Le cimetière avait poussé au nord de Liberté, dans une ancienne banlieue campagnarde et son champ de tombe était devenu la frontière entre un quartier résidentiel assez huppé et les débuts d’une partie de la ville qu’on préfère généralement éviter. Tout ce terrain consacré était entouré de hautes et belles grilles de fer forgé, et le parc de pierres était orné de saules pleureurs dont les feuilles absentes déjà auraient pu en une autre saison tomber dans l’étang qu’elles auraient caressé. Des ifs, du buis, du houx et du lierre gardaient toute l’année leur couleur morte, adoptant presque l’aspect minéral des dalles, allées, statues d’anges ou de gargouilles.

 

La pluie n’avait pas cessé depuis deux jours, et si on excluait les intermittences de pause, alors elle était présente depuis encore plus longtemps. La terre détrempée avait pris un aspect boueux repoussant. Des rafales de vent froid rendaient chaque pas au dehors pénible.


Des voitures amenaient les quelques personnes intéressées par la mort de deux étrangères. Parmi elles il y avait un officiel de la Compagnie Maritime, laquelle avait offert de subvenir aux frais d’enterrement en plus de verser sous peu une prime de dédommagement aux survivants, Tristan l’attendait avec scepticisme.

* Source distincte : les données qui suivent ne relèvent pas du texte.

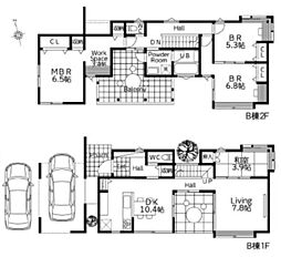 | 間取り | 4LDK(ワークスペース) 間取り内訳:リビングダイニングキッチン 17.3帖・和室 5.8畳・洋室 5.8帖・洋室 6.4帖・洋室 6.6帖 |

Sous la pluie violente, chacun se pressait dans la gueule du temple, édifice peu avenant malgré ses vœux de réconfort, un dôme posé sur un cube, quelques vitraux médiocres, un autel dans une chapelle bien sombre. La plaque commémorative à l’entrée signalait que le lieu avait été fondé par un fidèle de Sirona, la Consolatrice, Dame de l’Espoir. Cet individu pieux n’avait pas dû suivre de très près les travaux, sans quoi il aurait vu que l’inspiration de l’Etoile ne touchait pas l’architecte ni les ouvriers, et qu’en fin de compte, le lieu devenait froid, humide, et que même les chandelles étaient sinistres.


Il n’y avait pas de prêtre. Cette engeance devenait rare en Artland. Ce fut le gardien du cimetière qui prit en charge la cérémonie et les prières. Cet homme presque chauve, aux poils survivants en sa moustache, blancs, se donnait du mal pour lire avec conviction des poèmes sacrés et des homélies, mais le résultat n’était pas vraiment convainquant pour autant.


Jean au troisième rang des bancs, à gauche, voyait toutes les personnes venues pour les deux femmes Duret, leurs cercueils posés sur deux tables improvisées à l’aide de deux planches, quatre tréteaux décorés de draps blanc aux bords brodés. Il avait apporté un grand bouquet de lys blanc, elle avait toujours aimé ces fleurs et leur parfum délicat. Il y avait plusieurs bouquets de chrysanthèmes. Deux venaient de Tristan, un de lui, deux de M. Bounty, l’associé de feu Madame Duret, et un seul d’une femme âgée portant des lunettes rondes aux verres épais. Certainement la parente dont il avait été question, il croyait se souvenir avoir une fois entendu évoquer une vieille tante de Madame Duret, veuve et sans enfant croyait-il se souvenir…


Dans le froid, l’humidité et les pierres, l’émotion et le recueillement étaient étranges. Jean voyait du coin de l’œil la vieille tante qui priait ardemment, yeux clos semblait-il, bougeant les lèvres en silence. L’officier de la Compagnie maritime et son second, quelle que fût sa fonction, étaient très dignes. Tristan demeurait impassible, comme totalement absent, yeux clos. Peut être priait-il ? Après tout Jean ne savait pas grand-chose de la possible foi de son ami.
Pourquoi son esprit était-il si dissipé ? Impossible de se concentrer, de prier, ou même méditer. Il avait le sentiment qu’il attendait quelque chose ? Quelle étrange impression… Tout était fini pourtant…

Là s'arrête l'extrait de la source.